Suhardiman
Senin, 13 Juli 2026 | 13:27 WIB
Tersangka penipuan investasi bodong diamankan polisi. [Istimewa]
Baca 10 detik
  • Polres Padangsidimpuan menangkap wanita berinisial MA atas kasus penipuan investasi bodong melalui media sosial Instagram Story.
  • Tersangka menjanjikan keuntungan fantastis kepada 51 warga sejak Mei hingga Juli 2026 dengan total kerugian Rp400 juta.
  • Dana milik para korban digunakan tersangka untuk membayar utang pribadi alih-alih menjalankan investasi sesuai janji awal.

SuaraSumut.id - Polisi menangkap seorang wanita berinisial MA (21) di Padangsidimpuan, Sumatera Utara. MA pun ditetapkan sebagai tersangka kasus dugaan penipuan dan penggelapan berkedok investasi bodong.

Akibat perbuatannya, sebanyak 51 warga mengalami total kerugian mencapai sekitar Rp400 juta. Kasus tersebut terungkap setelah puluhan korban melaporkan dugaan penipuan itu ke Polres Padangsidimpuan pada 10 Juli 2026.

Dari hasil penyelidikan dan penyidikan yang dilakukan Unit II Ekonomi Satreskrim, tersangka diduga menawarkan investasi melalui fitur Instagram Story dengan iming-iming keuntungan hingga 100 persen dalam waktu singkat.

Kasat Reskrim Polres Padangsidimpuan, AKP Hasiholan Naibaho, mengatakan tersangka menawarkan kepada korban skema investasi dengan janji setiap dana sebesar Rp1 juta akan dikembalikan menjadi Rp2 juta dalam kurun waktu 7 hingga 30 hari.

"Modus yang digunakan tersangka adalah menawarkan investasi melalui media sosial dengan keuntungan yang tidak masuk akal. Setelah dilakukan penyelidikan, diketahui uang dari para korban tidak diinvestasikan sebagaimana dijanjikan," katanya kepada SuaraSumut.id, Senin 13 Juli 2026.

Dari hasil pemeriksaan, tersangka mengakui dana yang dihimpun sejak Mei hingga Juli 2026 justru digunakan untuk menutupi utang pribadinya kepada pihak lain, bukan untuk kegiatan investasi.

Hasiholan menjelaskan, setelah menerima laporan polisi, penyidik segera memeriksa para korban dan sejumlah saksi serta mengumpulkan berbagai alat bukti, termasuk dokumen transaksi, bukti transfer, dan telepon genggam milik tersangka.

Berdasarkan alat bukti yang cukup, penyidik kemudian menggelar perkara dan menetapkan MA sebagai tersangka.

"Saat ini tersangka sudah kami amankan beserta barang bukti berupa dokumen transaksi dan surat pernyataan dari para korban. Tersangka telah ditahan untuk menjalani proses hukum lebih lanjut," ujarnya.

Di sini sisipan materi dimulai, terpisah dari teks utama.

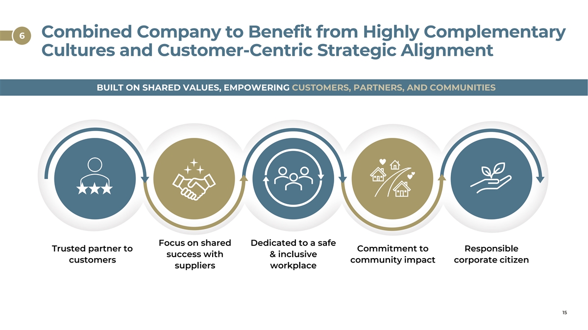 Combined Company to Benefit from Highly Complementary 6 Cultures and Customer-Centric Strategic Alignment BUILT ON SHARED VALUES, EMPOWERING CUSTOMERS, PARTNERS, AND COMMUNITIES Focus on shared Dedicated to a safe Trusted partner to Commitment to Responsible success with & inclusive customers community impact corporate citizen suppliers workplace 15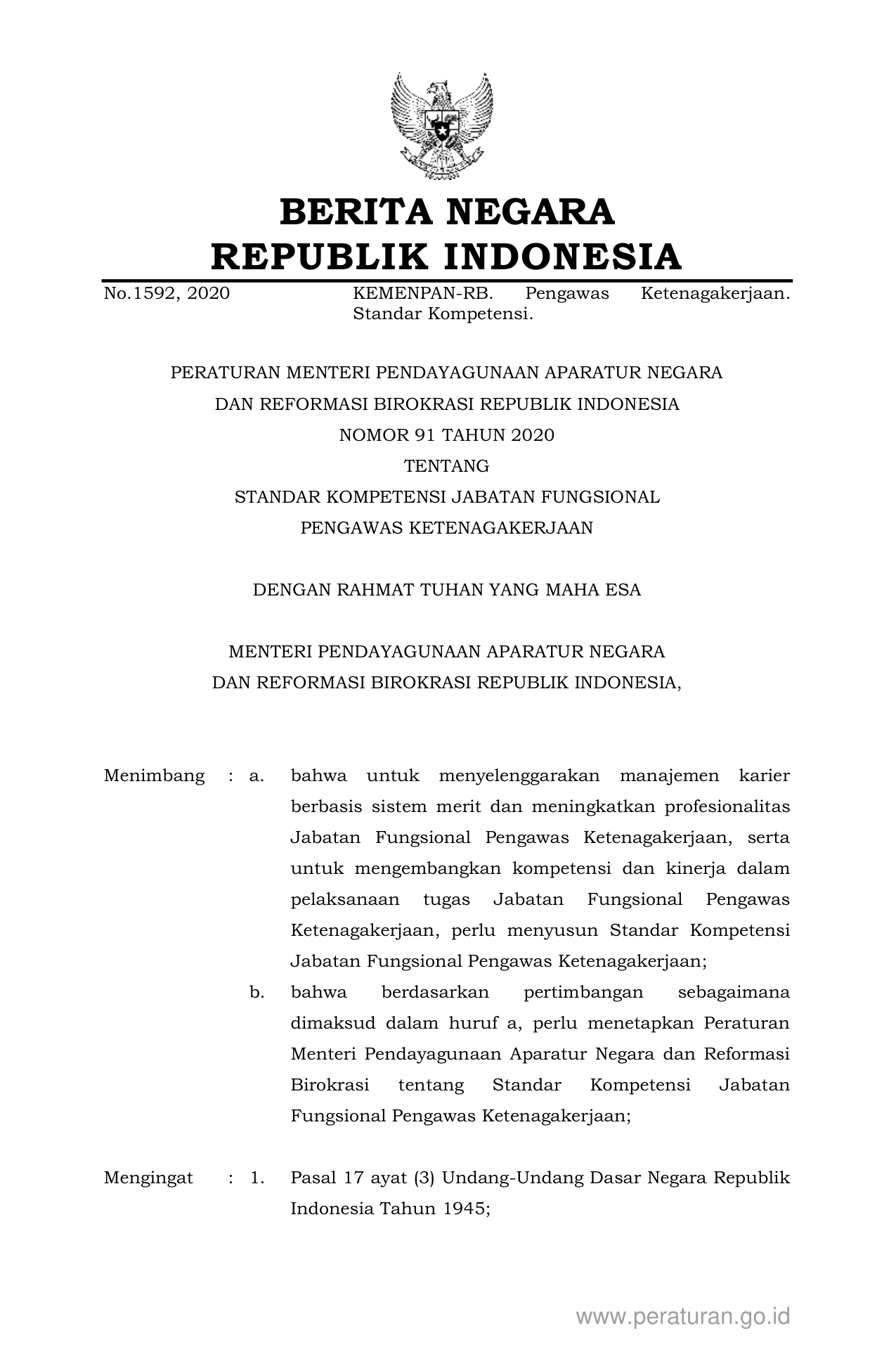PERBAN Nomor 91 Tahun 2020 | Peraturan Badan Nomor 91 Tahun 2020 tentang STANDAR KOMPETENSI JABATAN FUNGSIONAL PENGAWAS KETENAGAKERJAAN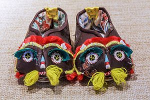 虎头鞋,枣庄市著名传统民间工艺品,因鞋头呈虎头模样,故称虎头鞋。因主传承和主产于枣庄市市中区得名。 虎头鞋做工复杂,仅虎头上就需用刺绣、拨花、打籽等多种针法。鞋...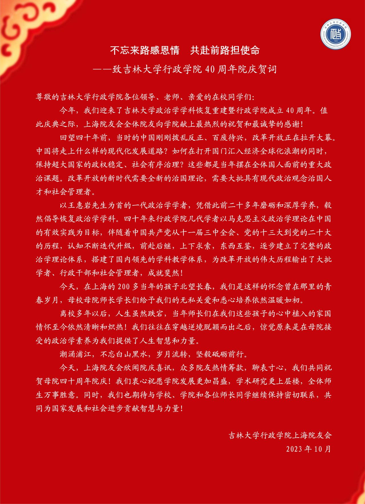 吉林大学上海校友会行政学院分会的贺信

Atas perbuatannya, MA dijerat dengan Pasal 492 juncto Pasal 486 Undang-Undang Nomor 1 Tahun 2023 tentang Kitab Undang-Undang Hukum Pidana (KUHP). Berkas perkara kini sedang dalam tahap penyelesaian sebelum dilimpahkan kepada Jaksa Penuntut Umum (JPU).

Kasat juga mengimbau masyarakat agar lebih berhati-hati terhadap berbagai tawaran investasi di media sosial yang menjanjikan keuntungan besar dalam waktu singkat tanpa memiliki legalitas yang jelas.

"Kami mengimbau masyarakat agar tidak mudah tergiur dengan investasi yang menawarkan keuntungan tidak wajar. Pastikan terlebih dahulu legalitas dan kredibilitas penyelenggara investasi agar tidak menjadi korban penipuan," katanya.